Following his stint in Asia, Anderson returned to the CBS News Washington bureau, where he covered the 1984 Democratic and Republican National Conventions. He moved to New York to produce for the CBS Evening News and later worked as the network’s foreign editor during such stores as the Tiananmen Square massacre and the fall of the Berlin Wall. 

In 1990, he joined 60 Minutes, where he worked with several of the broadcast’s most familiar correspondents. His longest partnership was with Mike Wallace, with whom he collaborated for more than 20 years. After Wallace retired, Anderson began producing for Pelley at the broadcast.

“There are 60 Minutes stories that you never get out of your head,” Pelley said. “They were 10, 20, 30 years ago, certain scenes, moments, phrases that were used that had stuck in your mind.
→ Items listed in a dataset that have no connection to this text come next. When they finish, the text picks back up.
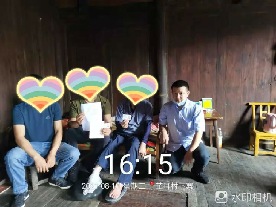 双龙镇让烈村的石某在替母亲支取存款时,发现其母亲的客户信息失真导致后续业务无法办理,而石某的母亲双目失明多年,行动十分不便。了解到这一情况后,排碧支行客户经理石标与主管会计杨柳一同来到石某家中,在确认石某母亲的实际情况和意愿后,快速完成了信息采集、现场拍照等手续,随后赶回支行为其办理了失真修正。在完成信息修正并顺利支取存款后,石某感激地说:“你们真是老百姓的银行,上门服务贴心又周到!”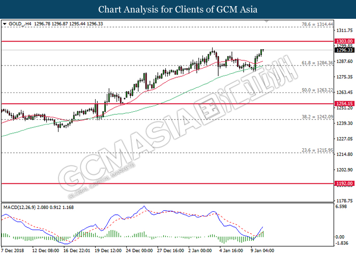 GOLD_, H4: Gold price was traded higher following prior rebound from prior low at 1284.35. MACD which has formed a golden cross signal suggests its prices to be traded higher in mid-term, after a successful closure at 1303.00.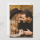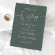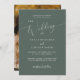 Minimal wedding invitation template card featuring modern script text on a forest green background. Customize this invite by adding your own wedding information. Perfect for any season wedding. You can add your engagement photo on the back.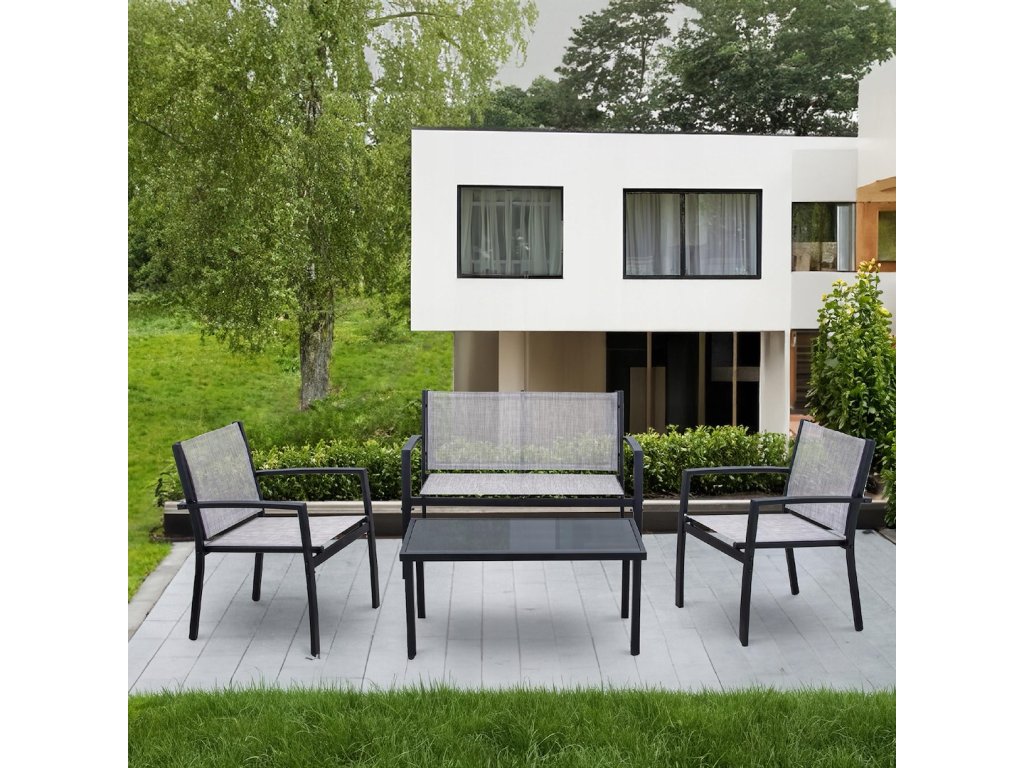 Kovové záhradné sedenie s 2 kreslami a konferenčný stolík - sivá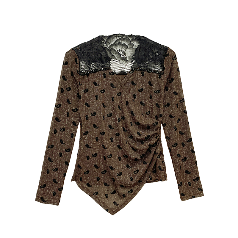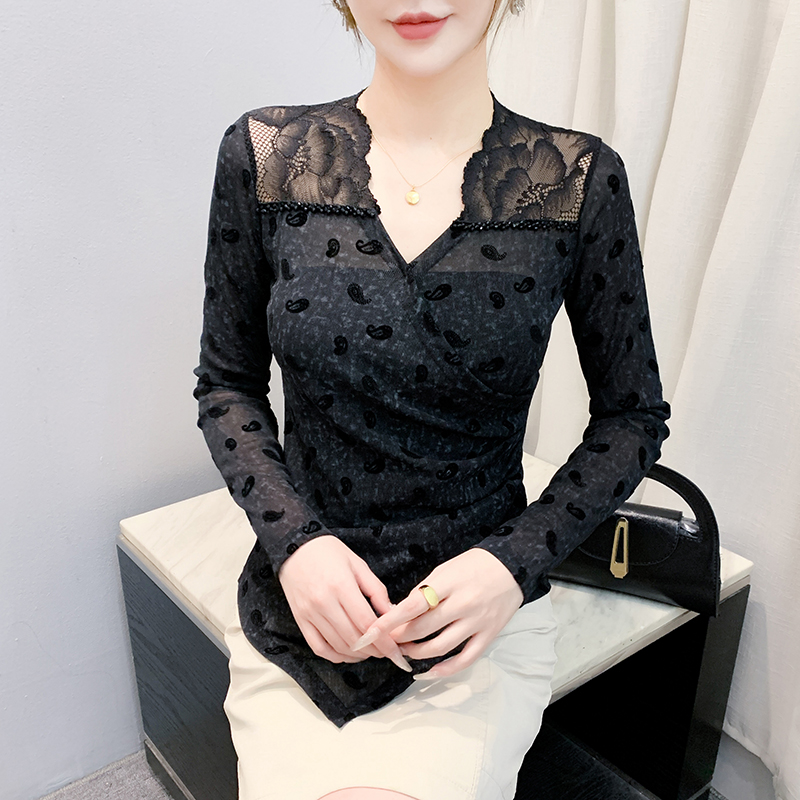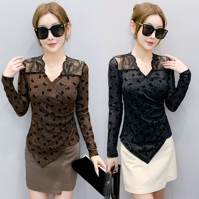 FA50427# 新款V领蕾丝镂空订珠长袖网纱扎染植绒不规则t恤女时尚修身打底衫 服裝批發女裝批發服飾貨源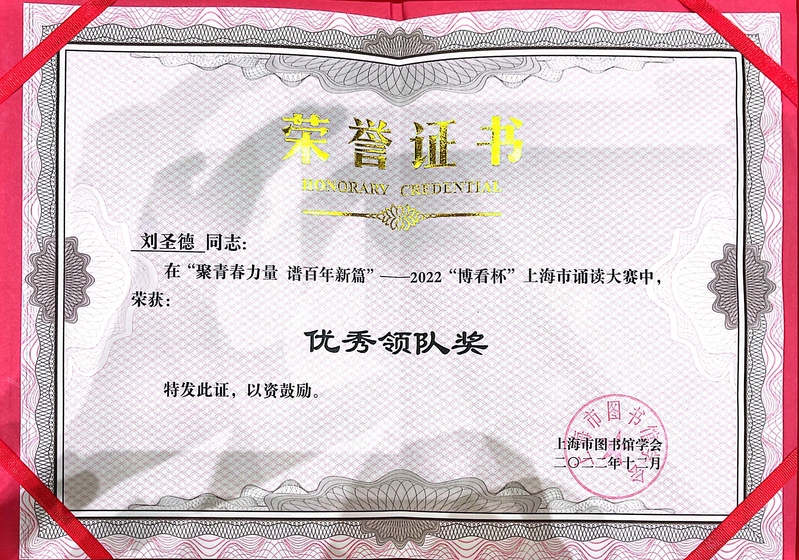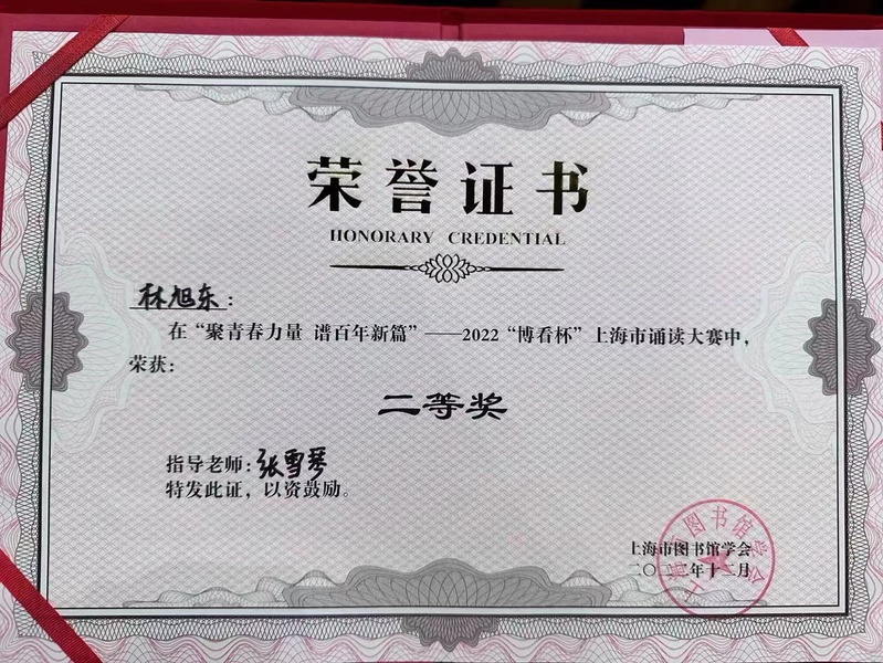 5月16日,《聚青春力量 譜百年新篇》2022“博看杯”上海市誦讀大賽決賽在上海圖書館東館樂享廳落下帷幕,我校參賽作品《豐碑》在決賽中榮獲二等獎,上海震旦職業(yè)學院獲“優(yōu)秀組織獎”,我校圖書館劉圣德老師獲“優(yōu)秀領隊獎”,校團委張雪琴老師獲“優(yōu)秀指導老師獎”。
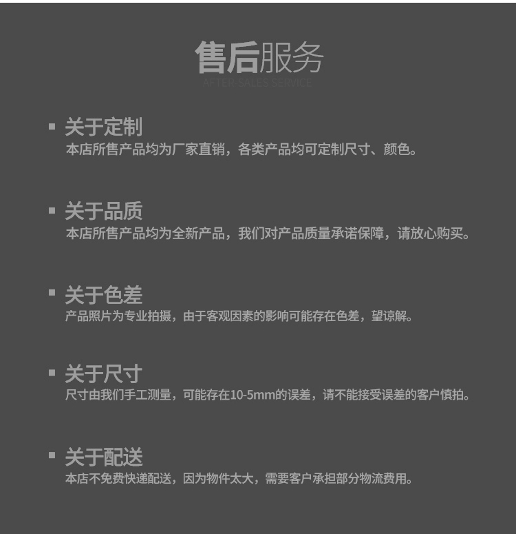 三、在您收到貨品後,請儘速確認您所訂購的商品,如有非人為因素所致之商品損毀、刮傷、或運輸過程造成包裝破損不完整的情形,請您儘速通知本公司客服人員,我們會進行商品瑕疵或損壞鑑定,並儘速為您更換新品。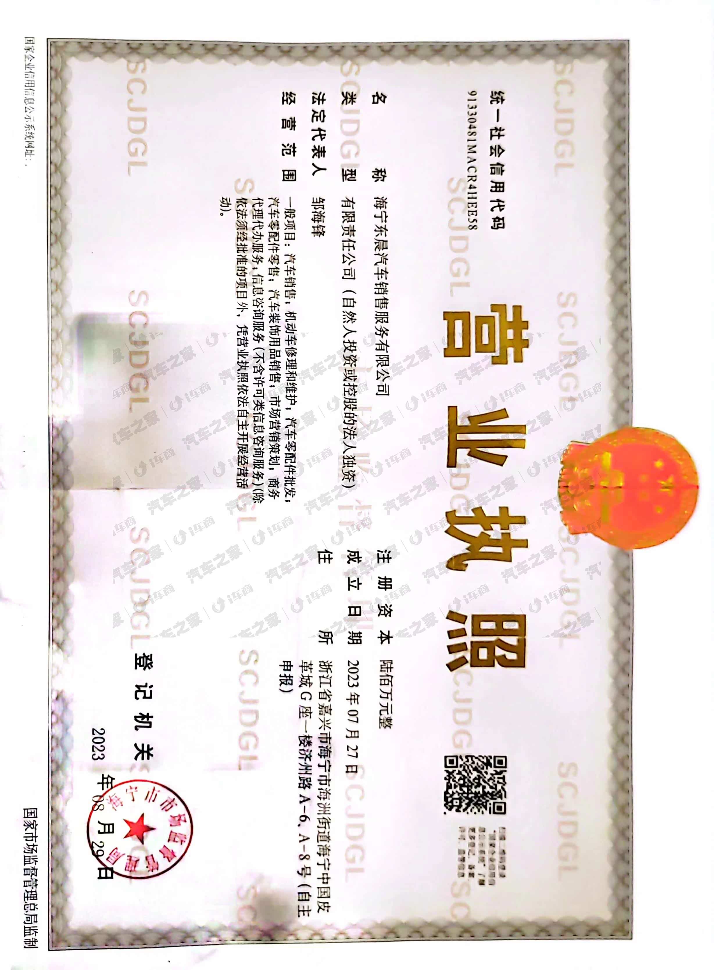 海宁东晨吉利银河汽车销售服务有限公司成立于2023年,
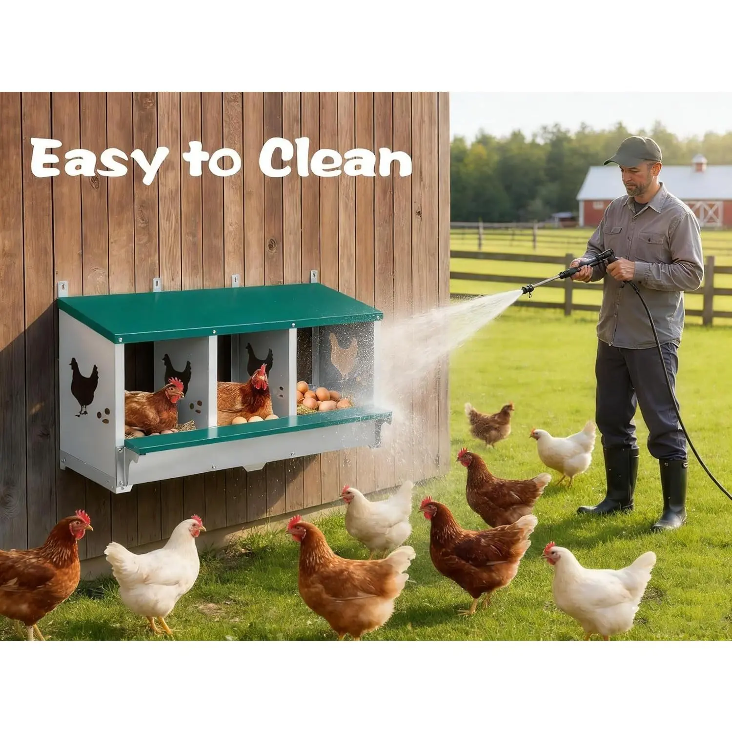 [EASY EGG COLLECTION & CLEANING] - After hens leave the nest, eggs can be easily collected by hand through the front opening. The removable dividers and nest pads allow for quick cleaning and hygiene maintenance, keeping the nesting area sanitary    and odor-free for continuous egg production.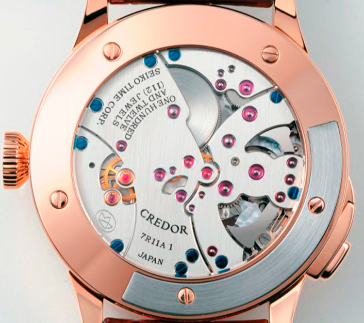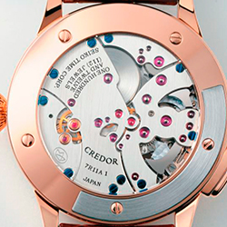 В составе Credor Spring Drive Minute Repeater свыше 660 компонентов. Все основные части механизма тщательно отполированы вручную высококлассными мастерами часовой студии Micro Artist. Изящество их работы доступно невооруженному взгляду сквозь сапфировое стекло с лицевой стороны часов и прозрачную крышку с обратной стороны корпуса. Особого внимания заслуживают завораживающая красота лезвий бесшумного регулятора с фронтальной стороны часов и бой молоточков, которые можно увидеть сквозь прозрачную заднюю крышку.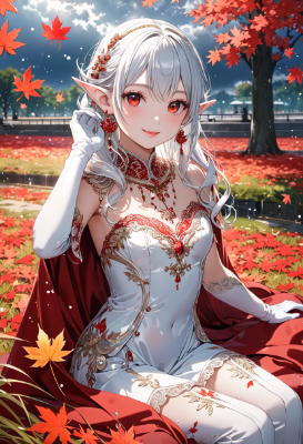 8K,((masterpiece,best quality,Ultra extremely detailed,perfect anatomy,detailed,high-resolution,highres,extremely detailed)),((close-up hand,Flowers print,child elf wearing glossy jewelry decoration parl-red thin-cloth-suit with sparkle reflected light, sitting,wearing white-sox, see-through white gloves, see-through white boots )),looking at viewer, red Eyes, Reflections reflect strong highlight in eyes,waving shining long white hair_with curly,red Eye,elf ear with big earrings,opened_mouth:1.5,smile,blush,lipstick,full fresh lips,wet_lip,big hip,small breasts,BREAK,4K,plaza in grasses,many maple leaves,maple tree,dark clouds sunrise,birds,<lora:hairdetailer:1> <lora:make25d_type1_v100:1>,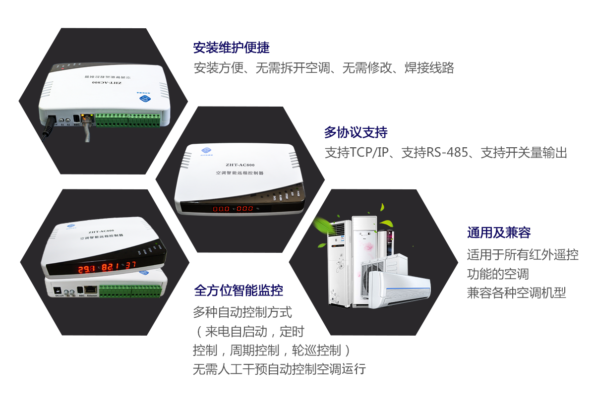 ZHT-AC800 網絡型空調智能啟動控制器,利用 PC 機控制軟件,通過網絡或 RS485 與設備進行通訊,可實現上百臺空調的集中聯網控制。通過學習空調遙控器的空調的開啟和關閉、工作模式、溫度調整等紅外信號,實現空 調斷電再來電自動啟動,并開啟到用戶需要的運行模式,同時具備溫度檢測控制功能,按用 戶配置的溫度值,當環境溫度達到設定值后,自動開啟和關閉空調,兼容市面上各種品牌柜式機、分體壁掛機、吸頂式機等各 種空調機機型。

And Bob Anderson’s legacy is that so many of those moments were the result of his genius, of his reporting, his journalism, his television production expertise.” 

Here are some of the memorable stories Anderson produced for 60 Minutes.

SEX ABUSE IN THE CATHOLIC CHURCH


1993: The Archbishop

14:58

Before news of child sexual abuse within the Catholic Church ever broke open on a national level, Bob Anderson produced a piece that reported on it.

In 1993, Anderson and Mike Wallace reported on New Mexico Archbishop Robert Sanchez, who was accused of having sex with young women and covering up similar sexual misconduct by priests in his Archdiocese. 

Wallace interviewed several victims who described being coerced into sexual encounters with priests, including Father Robert Kirsch. 

During a 10-mile annual pilgrimage of parishioners in New Mexico, Wallace famously chased down Father Kirsch to ask about the allegations. According to Anderson, it was one of last times Wallace conducted an ambush-style interview. 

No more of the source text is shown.